Thursday, June 9, 2011

"The people want to return to Palestine!"

http://english.aljazeera.net/indepth/features/2011/06/201168131013184315.htmlPalestinian factions have united during recent protests to demand the right of return for refugees [EPA]

Rooting their movement in the spirit of grassroots empowerment that has characterised the Arab Spring, Palestinians have chosen to focus on a single issue, which activists say is non-negotiable.

They demand the return to Palestine of the hundreds of thousands of people who were forced from their homeland in the ethnic cleansing that took place with the creation of the state of Israel in 1948.

The latest protests are an extension of a decades-long struggle to exercise that right, a right that has been backed by numerous United Nations resolutions.

What is different with the movement that began on May 15 is the level of co-ordination, and the resulting clarity of the protesters' message.

It is a rallying point that has achieved the exceptional feat of drawing support from across political and religious lines.
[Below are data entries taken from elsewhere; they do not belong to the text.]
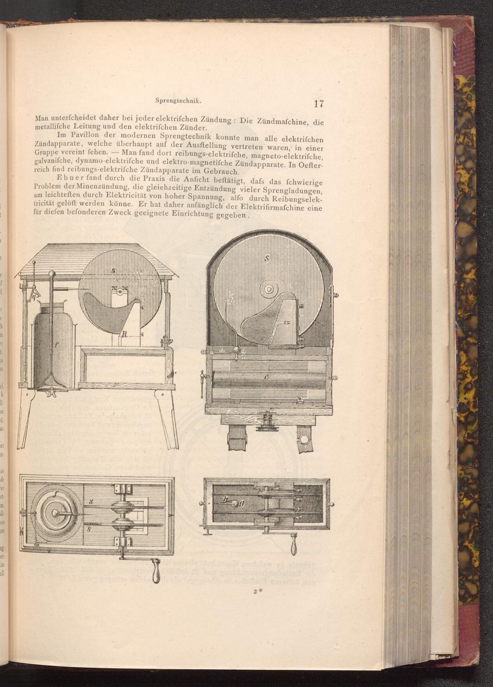 Im Pavillon der modernen Sprengtechnik konnte man alle elektriſchen Zündapparate, welche überhaupt auf der Ausftellung vertreten waren, in einer Gruppe vereint fehen. Man fand dort reibungs- elektrifche, magneto- elektriſche, galvanifche, dynamo- elektriſche und elektro- magnetifche Zündapparate. In Oefterreich find reibungs- elektriſche Zündapparate im Gebrauch.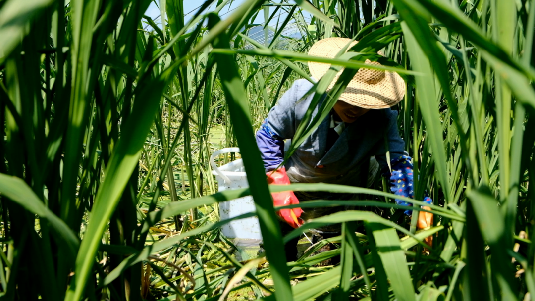 眼下正值茭白采收旺季。5月9日,記者在盤亭鄉棠嶺村的一片茭白種植基地里看到,農民們正拿著彎刀穿梭其間,熟練地收割一節節鮮嫩成熟的茭白,伴隨著一聲聲“咔唰”的脆響,豐收的喜悅在這片“綠海”中蕩漾開來。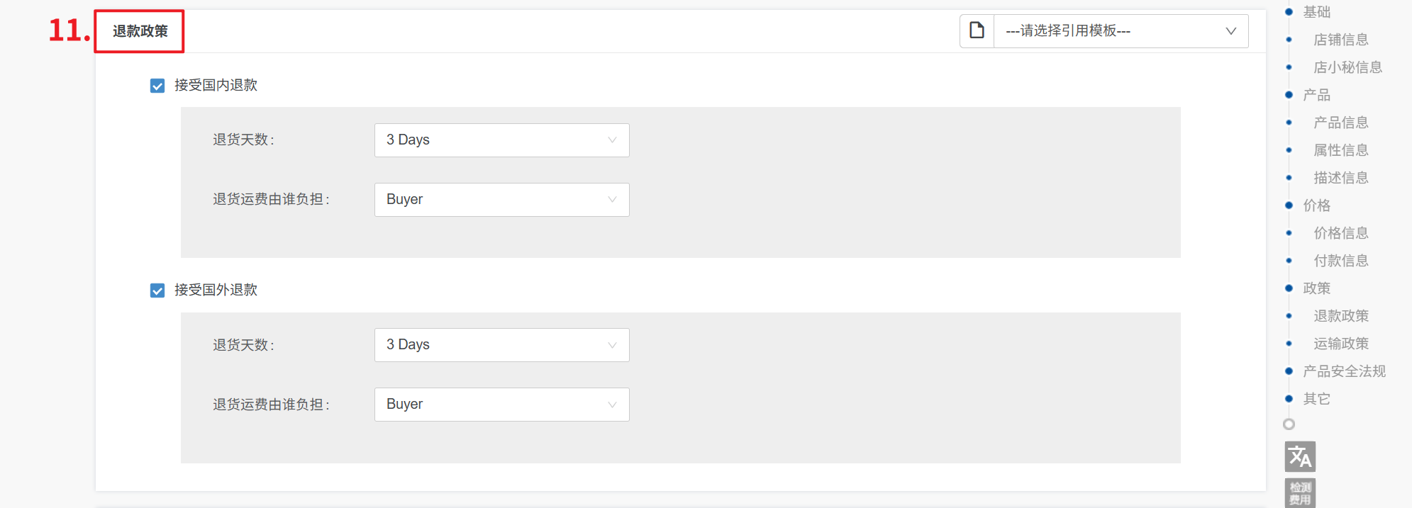 例如:物品所在地在中国,设置接受了国内退款,前台页面选中国就会显示可退款

Overwhelmingly, protesters were willing to caste aside their political alliances and unite under the Palestinian flag.

On May 15, people chanted, "The people want to return to Palestine," recalling the chant that rang on avenue Habib Bourguiba and in Tahrir Square earlier in the year, "The people want to overthrow the regime".

Palestinians living in the camps share a desire for al-Karama, or dignity, with protesters elsewhere in the Arab world, Abu Omar says, though the underlying causes of their disempowerment are starkly different.
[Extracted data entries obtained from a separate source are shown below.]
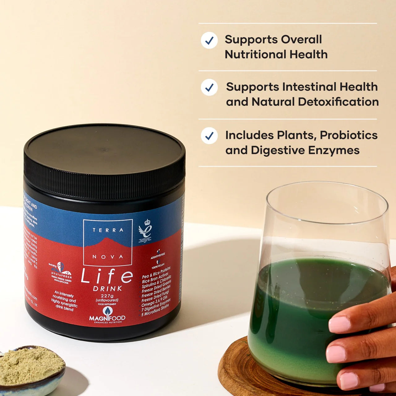 Daily nourishment in one scoop! Terranova Life Drink is a comprehensive daily superfood blend combining plant proteins, freeze-dried greens, berries, mushrooms, microalgae, omega oils, digestive enzymes, probiotics, and prebiotic fibre. Designed to support energy, immunity, digestion, and overall vitality, it’s intensely nourishing, synergistic, and 100% additive-free.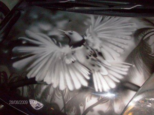 А по цене примерно во сколько обошлось?Во общем!Маляр+Аэрограф+Маляр в 25тыров.Капот +бампер,на бампере брусчатка. Маляр с начало все сколы убирает,снимает лак,потом за работу берётся Аэрограф, в завершение маляр покрывает лаком и полирует! :)Но это было два года назад!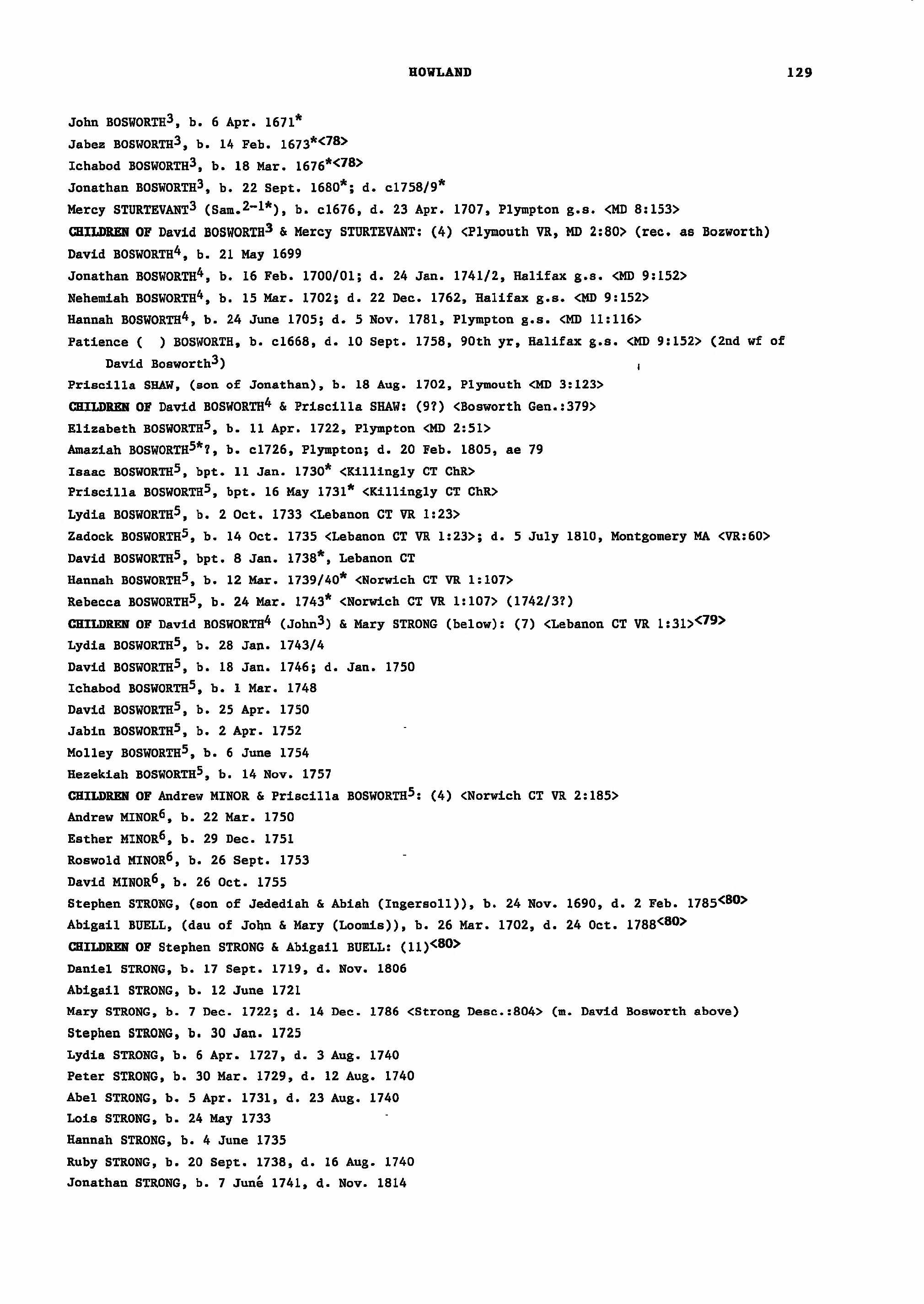 Mayflower Births and Deaths, Bosworth and Strong Families (Vol. 2, page 132)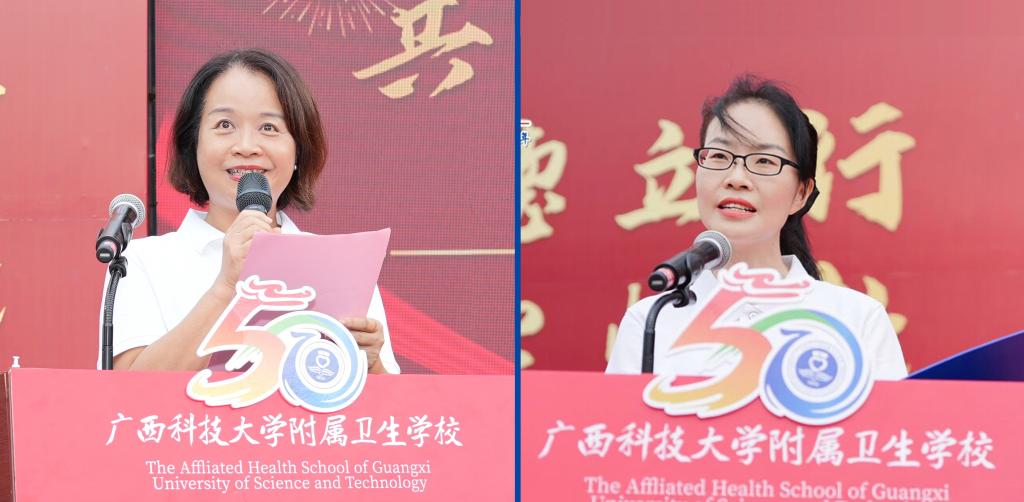 附属卫校党总支书记邓燕主持庆祝大会,党总支副书记、校长冯学珍致辞,教师代表朱巍、校友代表覃启鲜发言,学生代表严芸茜献词;校友代表还为教师代表献上鲜花,感念师恩。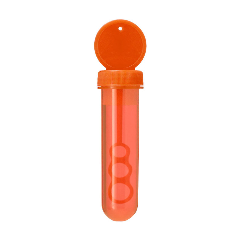 Soprador com aplicador especial que permite criar bolhas em 3 tamanhos. Líquido incluído (30 ml). Com tampa de cor sólida e corpo translúcido.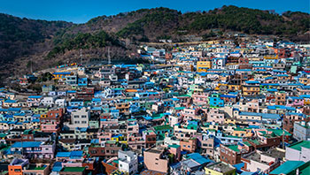 釜山のマチュピチュと称される「甘川洞文化村」。歩いているとあちこちに壁画やオブジェなどアーティスティックな作品があり、高いところから見渡す町並みはとてもカラフル。角度によっては海も見え、とても釜山らしい風景を満喫できる。

The limbo which began for so many Palestinians when they were uprooted from their homeland with the creation of Israel has left them with few economic, social, political or civic rights, he says.

The Burj al-Barajneh camp in Beirut where the activist lives with his family offers a snapshot of these conditions: 20,000 people live in a single square kilometre of crumbling, overcrowded buildings, with scant opportunity of a better life.
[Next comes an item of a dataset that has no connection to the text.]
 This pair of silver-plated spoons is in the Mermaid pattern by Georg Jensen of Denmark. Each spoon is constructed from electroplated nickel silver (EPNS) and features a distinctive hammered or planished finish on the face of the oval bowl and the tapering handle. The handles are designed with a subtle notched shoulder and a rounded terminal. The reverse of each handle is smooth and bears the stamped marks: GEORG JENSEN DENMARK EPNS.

"There are four generations here and the population is increasing. The right to Lebanese nationality or to own land is unattainable," he explains.

The inspiration for the May 15 march on the southern Lebanese border came directly from the Tunisian and Egyptian uprisings, Abu Omar says.

Young Palestinians, invigorated by what they had seen of uprisings elsewhere, have thrown their support behind the movement.

"Tunisia and the other uprisings demonstrated that a people can demand their rights, peacefully," he says.

"The young, who were lost, are now asserting their right to return. We are working on an action plan until the return."